We created a computational model that allowed us to ask the following question. If the bioelectrics are wrong here, what would we have to do? What channels would we have to open and close to get the bioelectric pattern that tells the brain what size and shape should be? How would we fix the bioelectric pattern? The model made a prediction about a very specific ion channel, and when we open that channel using already human-approved drugs, they happen to be antiepileptics. What you get is a complete repair. The brain is normal, the gene expression is normal. Their IQs are normal. They go back to the same learning rates as wild types. We can, at least for some genetic defects. This animal still has this dominant Notch mutation, and it doesn't matter; the outcome is normal.

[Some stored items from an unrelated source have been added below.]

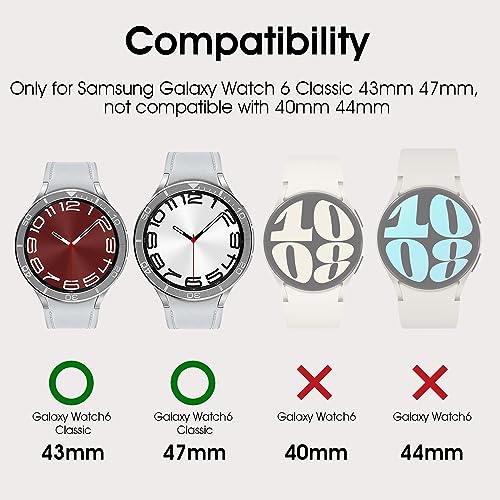 - AMANECER Bezel Ring Designed for Galaxy Watch 6 Classic 43mm 47mm, Stainless Steel Stylish Frame Loop Adhesive Cover Protector Anti Scratch for Samsung Smartwatch 2023 Relese (Silver, 43mm) with reliable performance and quality- Compatibility: Enhance the style of your Samsung Galaxy Watch 6 Classic (43mm/47mm) with this stylish, stainless steel bezel ring.- Application: Designed to perfectly fit and protect your Samsung smartwatch, this bezel ring adds a touch of elegance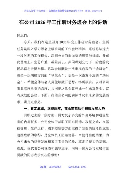 / 在公司2026年工作研讨务虚会上的讲话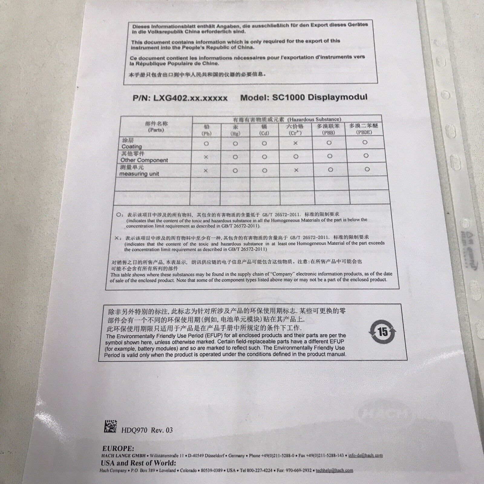 Hach LXG402.99.00032 Display Unit For SC1000.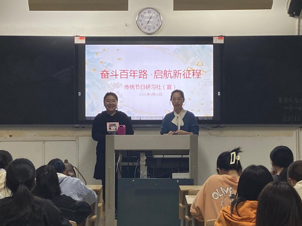 傳統(tǒng)節(jié)日研習(xí)社指導(dǎo)老師顏冰鳳、林美辰于4月20日晚上在教103召開(kāi)了“百年黨史 精神永存”理論宣講會(huì)。此次理論宣講以時(shí)間軸脈絡(luò)為主線為同學(xué)們梳理和講解黨的百年歷史,從“建黨偉業(yè):初心使命的時(shí)代呼喚”到“革命抗戰(zhàn):初心使命的中流砥柱”再到“建國(guó)執(zhí)政:初心使命的發(fā)展奇跡”,每個(gè)部分都以翔實(shí)的數(shù)據(jù)案例展現(xiàn)并娓娓道來(lái)。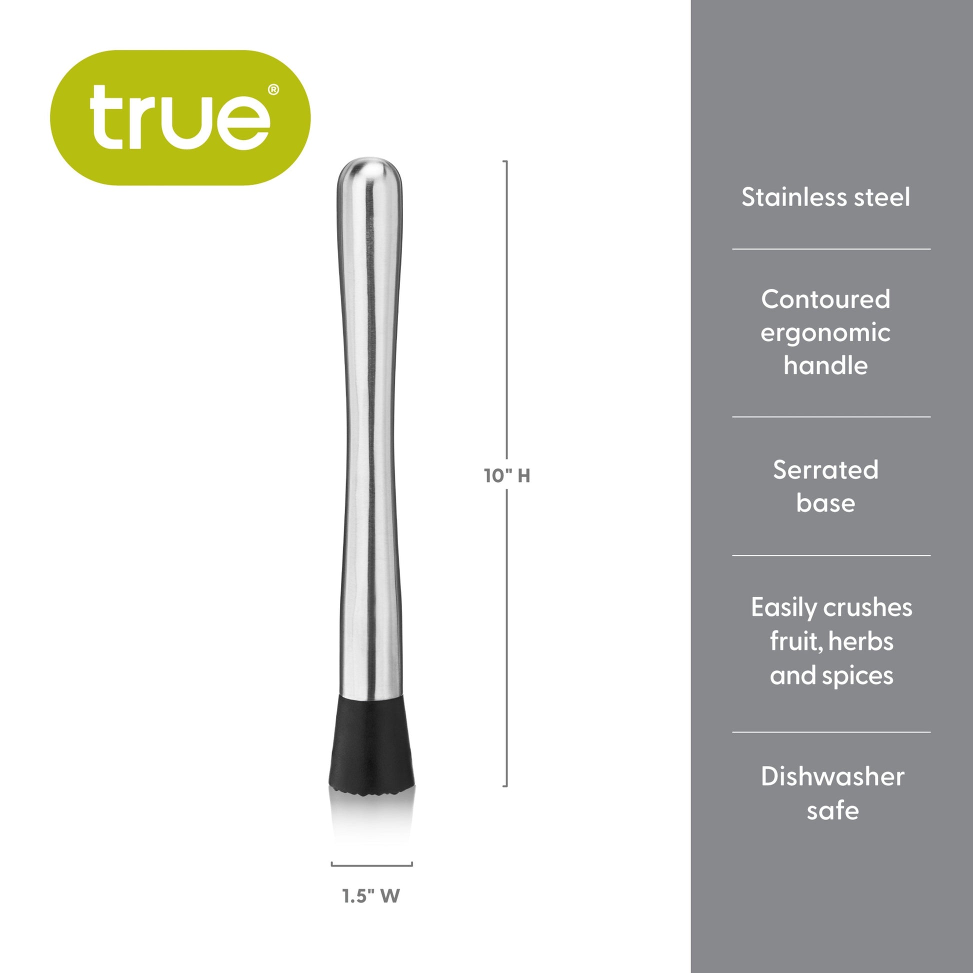 Sleek Stainless Steel Muddler grips citrus fruits, berries, spices and herbs to crush them quickly, and it looks good while doing it. Its sleek Stainless steel handle gives the classic muddler a modern refresh. Step into the future, smashingly good cocktails are just muddle away.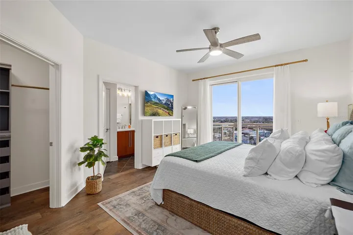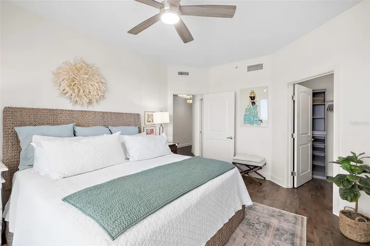 THE PRIMARY BEDROOM IS AN IDEAL RETREAT WITH CAPTIVATING OCEAN VIEWS AT EVERY TURN AND AN UPSCALE APPEAL WITH HIGH CEILINGS, CROWN MOULDING, DOUBLE DOOR ENTRY, AND OCEAN VIEWS ON FULL DISPLAY. RUSTIC INSPIRED FLOORING SET AGAINST THE MONOCHROMATIC FURNISHINGS MAKE THIS A LUSH OASIS. THE PRIMARY BATH FEATURES A LARGE SUMPTUOUS SOAKING TUB, DOUBLE VANITY, DUAL SHOWER HEAD, AND SPA-INSPIRED FINISHES. TWO ADDITIONAL BEDROOMS WITH ENSUITE ON THE WEST WING WITH BALCONY PROVIDE INTRACOASTAL VIEWS, *MAKING THIS FRONT TO BACK FLOOR PLAN THE MOST DESIRABLE IN THE BUILDING!*

We can use these kinds of systems again as predictive platforms to say what is the bioelectrical state that will get you what you want.
This is the final thing I'll show you: our limb regeneration program, where adult animals here do not regenerate their legs. We have a stimulus, a wearable bioreactor that delivers specific kinds of electroceuticals, which are ion channel drugs. There is a massive toolkit available of already human-approved ion channel drugs. Within 45 days you've already got some toes and a toenail. This process then runs for a year and a half of leg regeneration, during which time we don't touch it at all. This is not about micromanaging. This is not about stem cells or scaffolds.
On the first day, in the first 24 hours, we have to communicate to the cells: go down the leg-building path, not the scarring path. Then we take our hands off the wheel. That's the last thing.
Slide 4/4 · 08m:33s

The point here is to develop tools. Now we're using some AI tools to learn to communicate novel goals to the system, to get the system to take on those goal states and to reduce error between the current state and the goal state. That's our approach.